Networks that block UDP traffic are quite common. TURN/TCP and TURN/TLS (as well as ICE-TCP even though we mention this mostly to make Emil Ivov happy) provide a way to enable calls even on those networks. This has some effect on the media quality as we discussed previously but let us see how we can detect whether we are on a network that is blocking UDP traffic to begin with.

If you want to follow along, open webrtc-internals and the webrtc candidate gathering demo page and start gathering. By default, it uses one of Google’s STUN servers. To keep things simple, uncheck the “gather IPv6 candidates” and “gather RTCP candidates” boxes before clicking on the “gather candidates” button:

Uncheck ICE gathering candidates

On webrtc-internals you will see a createOffer call with offerToReceiveAudio set to true (this is to create an m-line and gather candidates for it):

WebRTC ICE gathering receive audio

Followed by a createOfferOnSuccess and a setLocalDescription call. After that there will be a couple of onicecandidate events and an icegatheringstatechange to completed, followed by a stop call.

There should be an onicecandidate with a candidate that has a “typ srflx” in it:

ICE candidate types

It shows your public ip. If you don’t get such a candidate but only host candidates, either the STUN server is not working (which in the case of Google’s STUN server is somewhat unlikely) or your network is blocking UDP.

Now block UDP on your network (but mind you, do not block port 53 for DNS). If you don’t know a quick way to block UDP, lets try to simulate that by changing the stun server to something that will not respond, in this case Google’s well-known DNS server running at 8.8.8.8:

Fudging STUN configuration for WebRTC

Click “gather candidates” again. After around 10 seconds you will see a gathering state change to completed in webrtc-internals. But you will not see a server-reflexive candidate:

ICE negotiation with no STUN connectivity

You can try the same thing with a TURN UDP server. Make sure your credentials are valid (again, the “public TURN server list” is not a thing). This will show both a srflx and a relay candidate.

One of the nice tricks you can do here is to change the password to something invalid. Then you will only get a srflx but no relay candidate. Which is a nice and easy way to detect if your credentials are invalid — the candidates page even suggests this.
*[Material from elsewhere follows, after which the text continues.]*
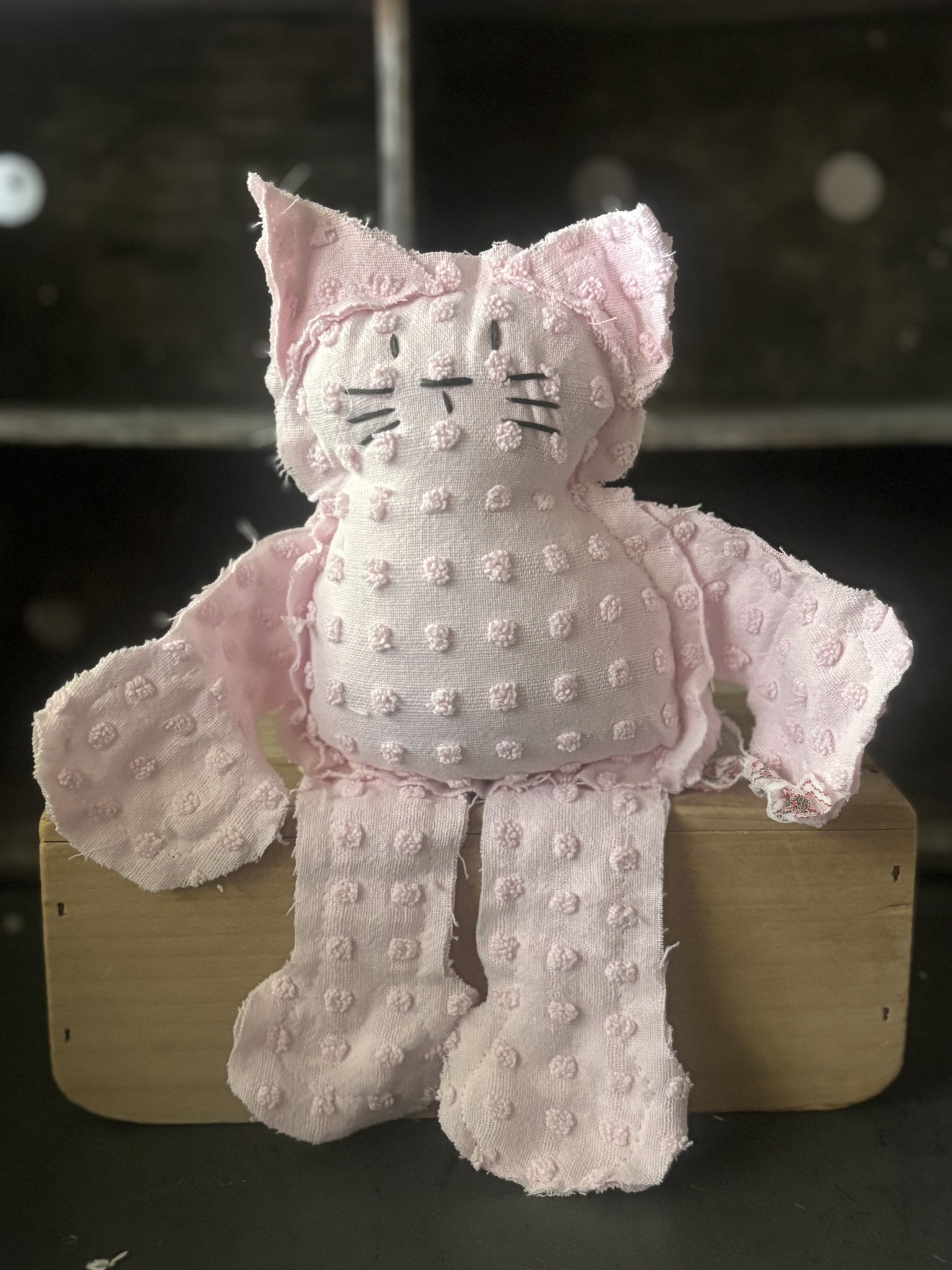 Pink Polka Dot Vintage Chenille Cat

You can repeat this with TURN/TCP and TURN/TLS servers. You can even add all kinds of TURN servers and then use the priority trick we have shown in the last blog post to figure out from which servers you gathered candidates.
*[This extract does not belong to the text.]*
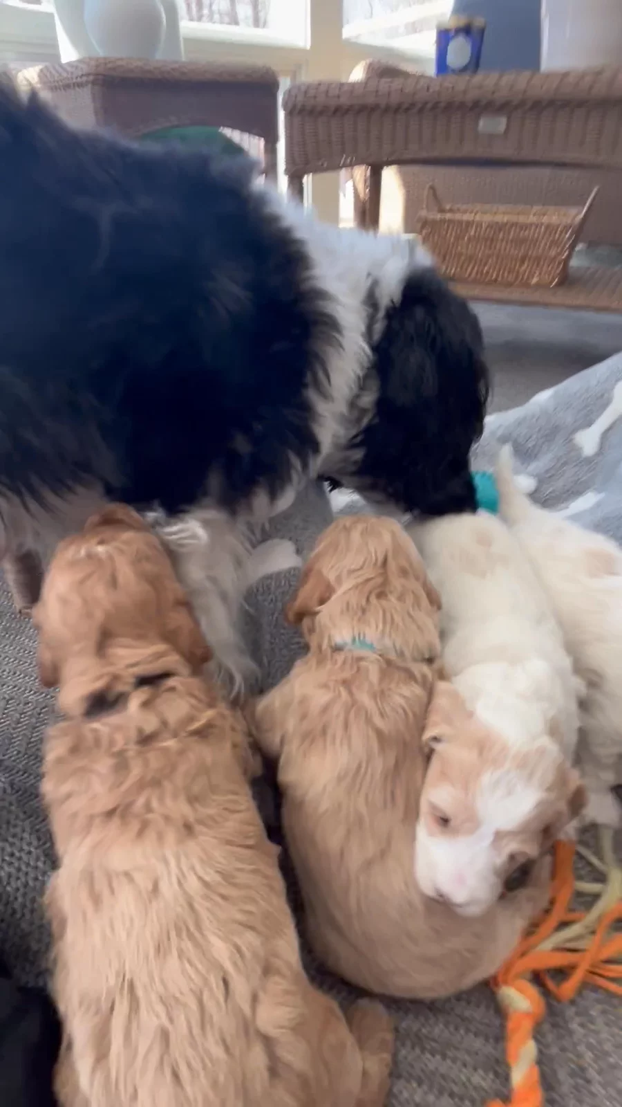 It’s so fun to have our morning coffee and watch the Mama Dogs play with their babies! Wilma is my the mother of these little guys, born on 9-19-25, and currently have 3 available for adoption!

If you don’t get anything but host candidates you might be on a network which blocks both UDP traffic and is successful at blocking TURN/TCP and TURN/TLS. One scenario where that might happen currently is if there is a proxy that requires authentication which is not yet supported by Chrome.

Now let us take a step back. When is this useful? In a real-world scenario you will want to run with all kinds of STUN and TURN servers, otherwise you will get high failure rates. If you need to debug a failure to establish a connection, you should look for the onicecandidate and addIceCandidate events. They will allow you to figure out if the local or remote client was on a network that blocked it from establishing a connection to any peer outside the network.

What’s next?

So this time around, we’ve focused on the API traces:

We’ve acquainted with the fact that this is something that webrtc-internals does us a great service just by capturing all of these WebRTC API calls
We even went through the typical API calls and flows that are expected to appear in the WebRTC API trace
We’ve looked at two examples where the WebRTC API trace can help us debug the problems we’re seeing (there are more)
- #1 – misconfiguration of NAT traversal servers
- #2 – network blocking and the forgotten TURN/TCP configuration

We’re not done yet with this series. We still have one or more articles in the pipeline to close the basics of what webrtc-internals got up its sleeves.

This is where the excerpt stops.